▶ _Your task_:
Below are records to repeat exactly; copy them without the pictures.

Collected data

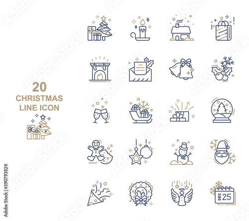 set of christmas thin line icons, winter, holiday, new year
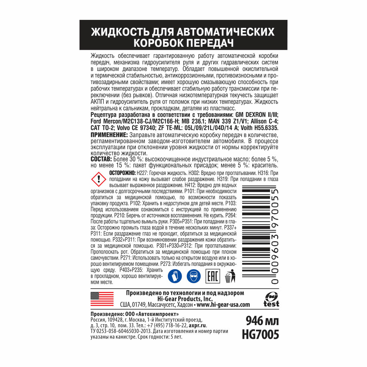 Жидкость Для Акпп 946мл. Hi-Gear Hg7005 В Подольске Hi-Gear арт. HG7005
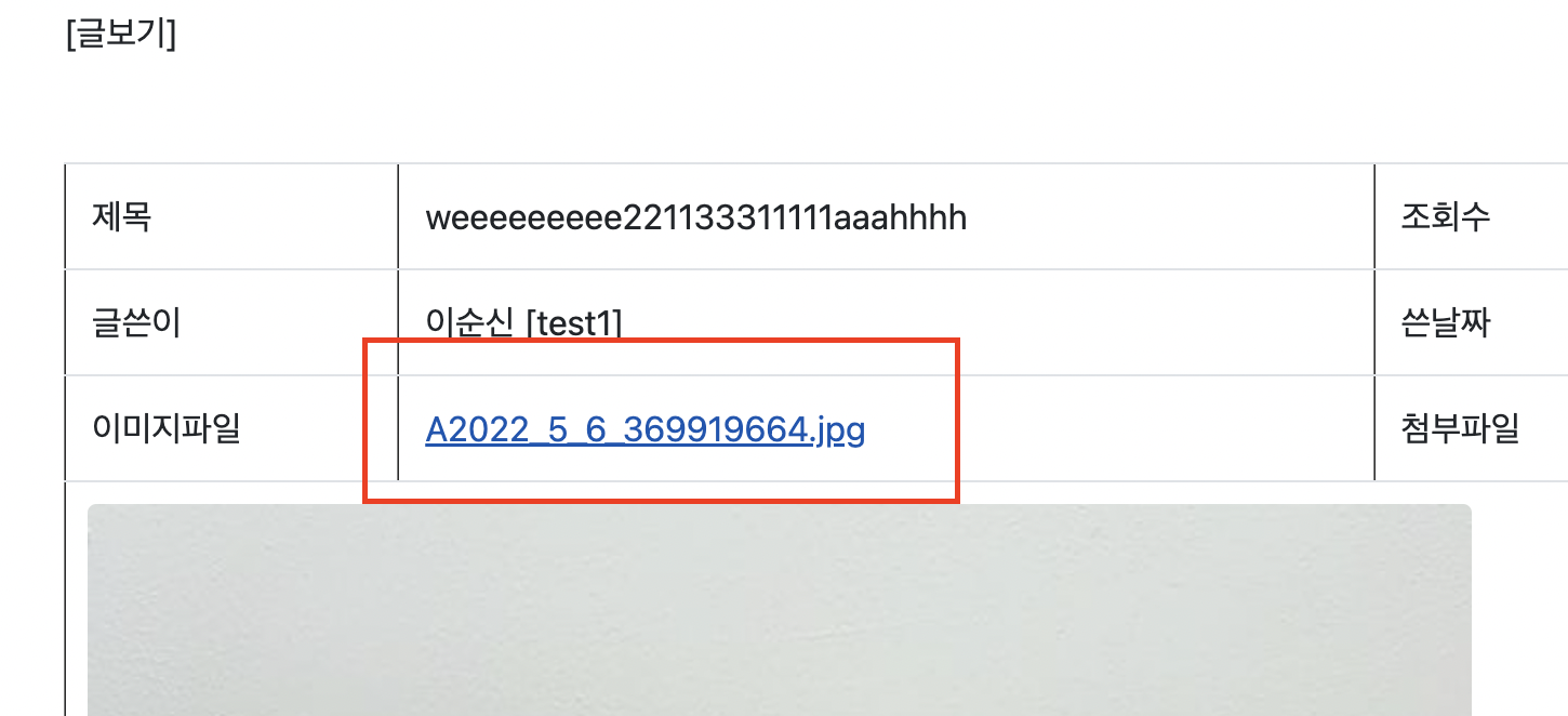 실제 게시판 뷰 상세페이지에서 다운로드 관련 소스를 클릭하면 파일 다운로드가 완료된다.
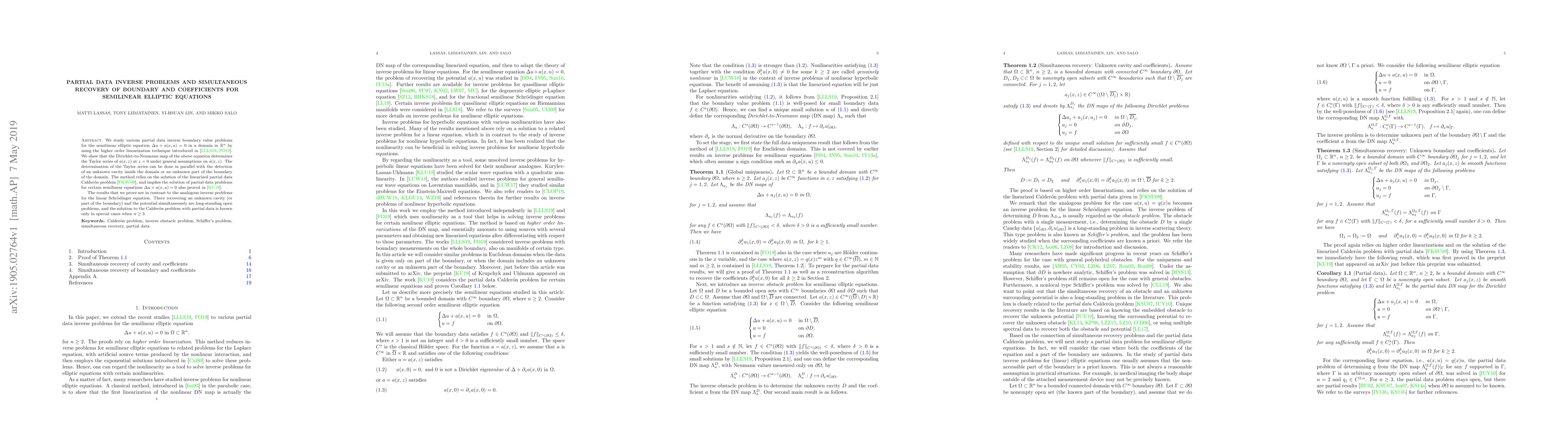 We study various partial data inverse boundary value problems for the semilinear elliptic equation $\Delta u+ a(x,u)=0$ in a domain in $\mathbb R^n$ by using the higher order linearization technique introduced in [LLS 19, FO19]. We show that the Dirichlet-to-Neumann map of the above equation determines the Taylor series of $a(x,z)$ at $z=0$ under general assumptions on $a(x,z)$. The determination of the Taylor series can be done in parallel with the detection of an unknown cavity inside the domain or an unknown part of the boundary of the domain. The method relies on the solution of the linearized partial data Calder\'on problem [FKSU09], and implies the solution of partial data problems for certain semilinear equations $\Delta u+ a(x,u) = 0$ also proved in [KU19]. The results that we prove are in contrast to the analogous inverse problems for the linear Schr\"odinger equation. There recovering an unknown cavity (or part of the boundary) and the potential simultaneously are long-standing open problems, and the solution to the Calder\'on problem with partial data is known only in special cases when $n \geq 3$.
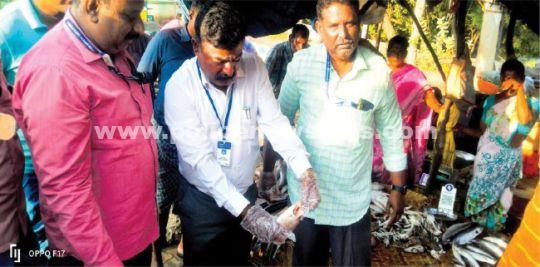 ராமநாதபுரம்: ராமநாதபுரம் மாவட்டம் முதுகுளத்தூரில் உள்ள மீன் கடைகளில் திடீரென ஆய்வு செய்த உணவு கட்டுப்பாட்டு துறை அதிகாரிகள் விற்பனை செய்ய வைத்திருந்த 40 கிலோ பழைய மீன்கள் மற்றும் தடை செய்யப்பட்ட தேளி மீன்களை பறிமுதல் செய்தனர்.
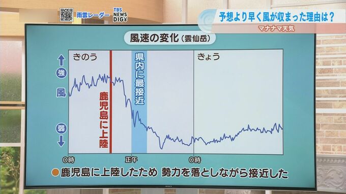 台風10号の接近による風が1番強かったのは、長崎県では接近前の29日午前中でした。予想よりも早く風が収まったのは、台風が鹿児島に1度上陸したためとみられます。台風が上陸すると、台風の勢力を強める水蒸気の補給が減り、勢力を維持することができなくなります。そのため、勢力を落としながら長崎に接近したため、風も早めに収まったとみられます。
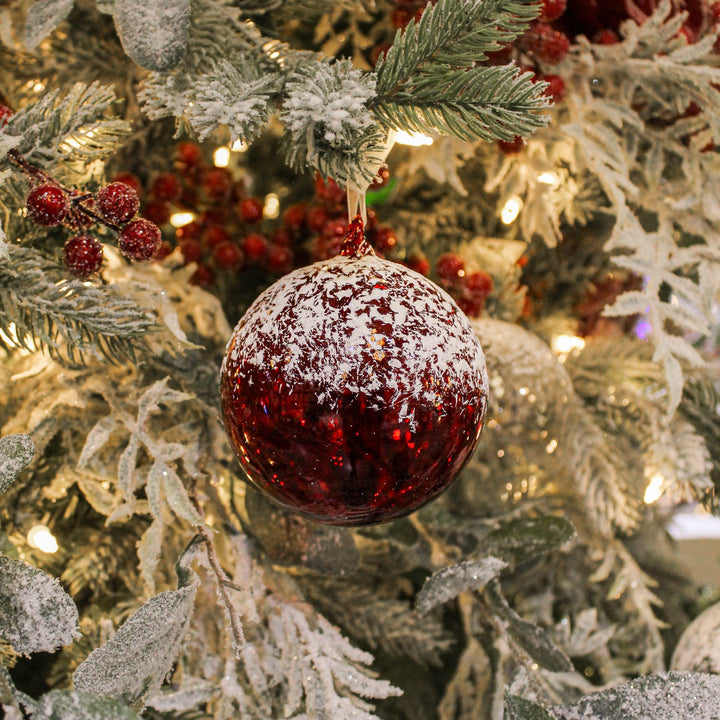 Cette boule de verre rouge recouverte d’un effet enneigé ajoute texture et contraste à votre sapin. Son fini givré blanc rappelle les paysages d’hiver et s’agence parfaitement à un décor classique ou nordique. Une valeur sûre pour une ambiance chaleureuse.
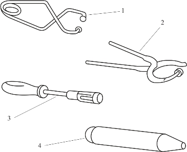 1—轮缸夹钳;2—前制动蹄拆装钳;3—制动蹄保持罩拆装扳手;4——锁止螺母
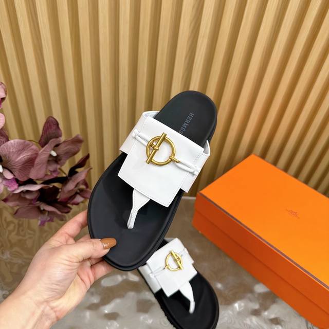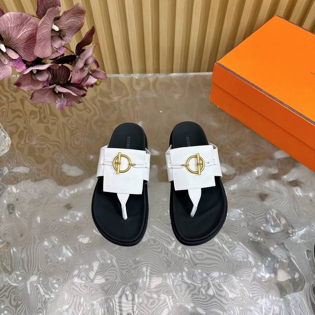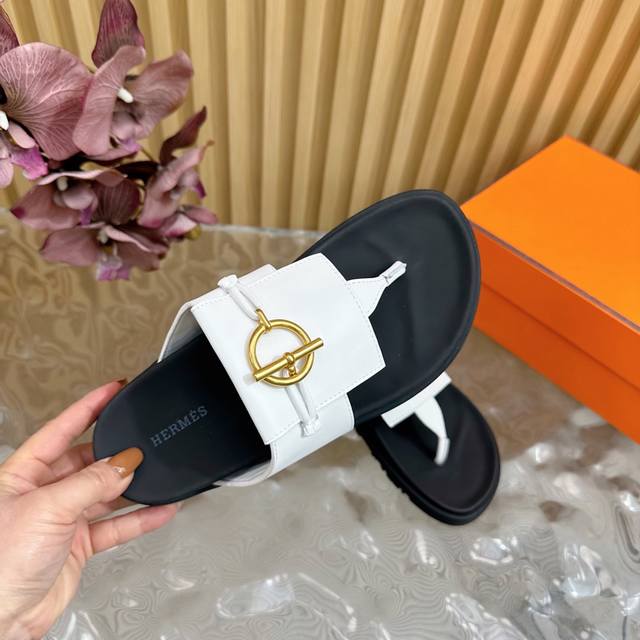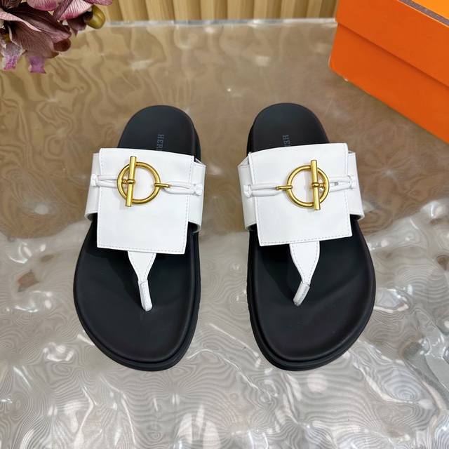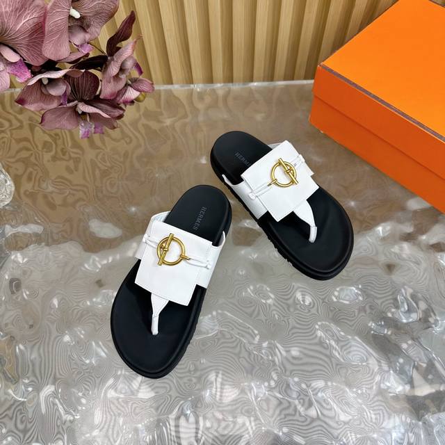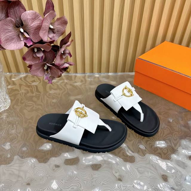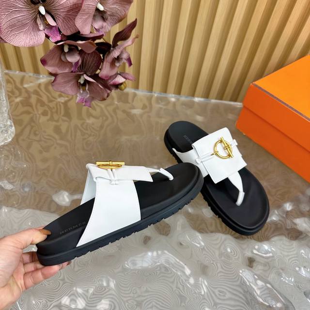 代购级别HERMES爱马仕 2025 最新款大H扣人字扣二舅拖鞋真皮注塑鞋底
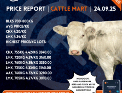 Agriculture/Livestock Auction online Cattlle News LSL Select Price Report – Cattle Mart – 25/09/2025 Thursday selected Cattle Mart Price Report: Copyright LSL Auctions CA 300-400kgAvg Price/KgCHX 5.04/kgLMX 5.57/kg Highest Price/Kg Lots:LMX,LMX, 300kg 6/kg 1800.00CHX, 315kg… access_time7 months ago FacebookTwitterGoogle+LinkedInPinterestshare Agriculture/Livestock Auction online Cattlle News LSL Select Price Report – Cattle Mart – 24/09/2025 Wednesday selected Cattle Mart Price Report: Copyright LSL Auctions WBU 300-400kg Avg Price/KgAA 4.00/kgAAX 3.89/kgAAX,AAX 4.17/kgAUX 4.63/kgBBX 4.18/kgCH 6.14/kgCHX 5.48/kgFR 3.17/kgFR,FRX… access_time7 months ago FacebookTwitterGoogle+LinkedInPinterestshare Agriculture/Livestock Auction online News Sheep LSL Select Price Report – Sheep Mart – 24/09/2025 Wednesday selected Sheep Mart Price Report: Copyright LSL Auctions LAMB 20-30kg Avg Price/KgLAMB 3.09/kg Highest Price/Kg Lots:LAMB, 29kg 4.28/kg 124.00LAMB, 22kg… access_time7 months ago FacebookTwitterGoogle+LinkedInPinterestshare Agriculture/Livestock Auction online News Sheep LSL Select Price Report – Sheep Mart – 23/09/2025 Tuesday selected Sheep Mart Price Report: Copyright LSL Auctions SHEEP 60-70kgAvg Price/KgSHEEP 3.11/kgHighest Price/Kg Lots:SHEEP, 65kg 6.03/kg 390.00SHEEP, 63kg 5.08/kg 320.00SHEEP,… access_time7 months ago FacebookTwitterGoogle+LinkedInPinterestshare Posts pagination navigate_beforePrev 1 … 10 11 12 … 220 Nextnavigate_next
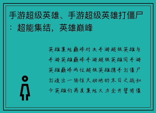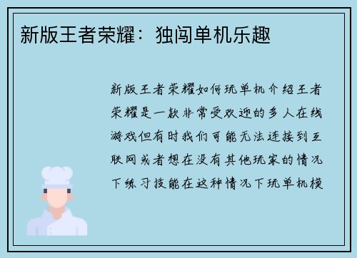 1.选择合适的队友 在放置奇兵单机版中,选择合适的队友是开局操作的关键之一。要了解每个队友的特点和技能,以便根据自己的战略需求进行选择。例如,如果你希望组建一个防守型的队伍,那么选择具有高生命值和防御...
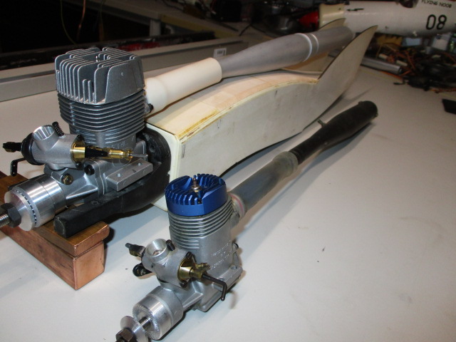 Motorenanprobe ... neben dem SuperTigre 60X (10cc) wirkt der 6,5er richtig mini ...
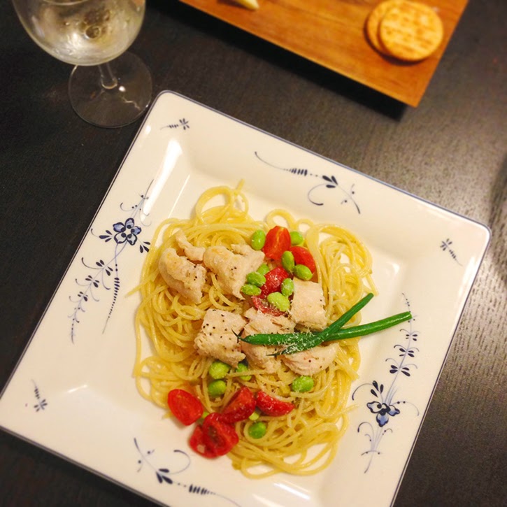 At home my husband prepped a little dinner giving homage to the day with "star" salad using sliced okura in star shape and Milky Way pasta with tomato and edamame best in season!

▶ _Your solution_:
 set of christmas thin line icons, winter, holiday, new year
 Жидкость Для Акпп 946мл. Hi-Gear Hg7005 В Подольске Hi-Gear арт. HG7005
 실제 게시판 뷰 상세페이지에서 다운로드 관련 소스를 클릭하면 파일 다운로드가 완료된다.
 We study various partial data inverse boundary value problems for the semilinear elliptic equation $\Delta u+ a(x,u)=0$ in a domain in $\mathbb R^n$ by using the higher order linearization technique introduced in [LLS 19, FO19]. We show that the Dirichlet-to-Neumann map of the above equation determines the Taylor series of $a(x,z)$ at $z=0$ under general assumptions on $a(x,z)$. The determination of the Taylor series can be done in parallel with the detection of an unknown cavity inside the domain or an unknown part of the boundary of the domain. The method relies on the solution of the linearized partial data Calder\'on problem [FKSU09], and implies the solution of partial data problems for certain semilinear equations $\Delta u+ a(x,u) = 0$ also proved in [KU19]. The results that we prove are in contrast to the analogous inverse problems for the linear Schr\"odinger equation. There recovering an unknown cavity (or part of the boundary) and the potential simultaneously are long-standing open problems, and the solution to the Calder\'on problem with partial data is known only in special cases when $n \geq 3$.
 ராமநாதபுரம்: ராமநாதபுரம் மாவட்டம் முதுகுளத்தூரில் உள்ள மீன் கடைகளில் திடீரென ஆய்வு செய்த உணவு கட்டுப்பாட்டு துறை அதிகாரிகள் விற்பனை செய்ய வைத்திருந்த 40 கிலோ பழைய மீன்கள் மற்றும் தடை செய்யப்பட்ட தேளி மீன்களை பறிமுதல் செய்தனர்.
 台風10号の接近による風が1番強かったのは、長崎県では接近前の29日午前中でした。予想よりも早く風が収まったのは、台風が鹿児島に1度上陸したためとみられます。台風が上陸すると、台風の勢力を強める水蒸気の補給が減り、勢力を維持することができなくなります。そのため、勢力を落としながら長崎に接近したため、風も早めに収まったとみられます。
 Cette boule de verre rouge recouverte d’un effet enneigé ajoute texture et contraste à votre sapin. Son fini givré blanc rappelle les paysages d’hiver et s’agence parfaitement à un décor classique ou nordique. Une valeur sûre pour une ambiance chaleureuse.
 1—轮缸夹钳;2—前制动蹄拆装钳;3—制动蹄保持罩拆装扳手;4——锁止螺母
 代购级别HERMES爱马仕 2025 最新款大H扣人字扣二舅拖鞋真皮注塑鞋底
 Agriculture/Livestock Auction online Cattlle News LSL Select Price Report – Cattle Mart – 25/09/2025 Thursday selected Cattle Mart Price Report: Copyright LSL Auctions CA 300-400kgAvg Price/KgCHX 5.04/kgLMX 5.57/kg Highest Price/Kg Lots:LMX,LMX, 300kg 6/kg 1800.00CHX, 315kg… access_time7 months ago FacebookTwitterGoogle+LinkedInPinterestshare Agriculture/Livestock Auction online Cattlle News LSL Select Price Report – Cattle Mart – 24/09/2025 Wednesday selected Cattle Mart Price Report: Copyright LSL Auctions WBU 300-400kg Avg Price/KgAA 4.00/kgAAX 3.89/kgAAX,AAX 4.17/kgAUX 4.63/kgBBX 4.18/kgCH 6.14/kgCHX 5.48/kgFR 3.17/kgFR,FRX… access_time7 months ago FacebookTwitterGoogle+LinkedInPinterestshare Agriculture/Livestock Auction online News Sheep LSL Select Price Report – Sheep Mart – 24/09/2025 Wednesday selected Sheep Mart Price Report: Copyright LSL Auctions LAMB 20-30kg Avg Price/KgLAMB 3.09/kg Highest Price/Kg Lots:LAMB, 29kg 4.28/kg 124.00LAMB, 22kg… access_time7 months ago FacebookTwitterGoogle+LinkedInPinterestshare Agriculture/Livestock Auction online News Sheep LSL Select Price Report – Sheep Mart – 23/09/2025 Tuesday selected Sheep Mart Price Report: Copyright LSL Auctions SHEEP 60-70kgAvg Price/KgSHEEP 3.11/kgHighest Price/Kg Lots:SHEEP, 65kg 6.03/kg 390.00SHEEP, 63kg 5.08/kg 320.00SHEEP,… access_time7 months ago FacebookTwitterGoogle+LinkedInPinterestshare Posts pagination navigate_beforePrev 1 … 10 11 12 … 220 Nextnavigate_next
 1.选择合适的队友 在放置奇兵单机版中,选择合适的队友是开局操作的关键之一。要了解每个队友的特点和技能,以便根据自己的战略需求进行选择。例如,如果你希望组建一个防守型的队伍,那么选择具有高生命值和防御...
 Motorenanprobe ... neben dem SuperTigre 60X (10cc) wirkt der 6,5er richtig mini ...
 At home my husband prepped a little dinner giving homage to the day with "star" salad using sliced okura in star shape and Milky Way pasta with tomato and edamame best in season!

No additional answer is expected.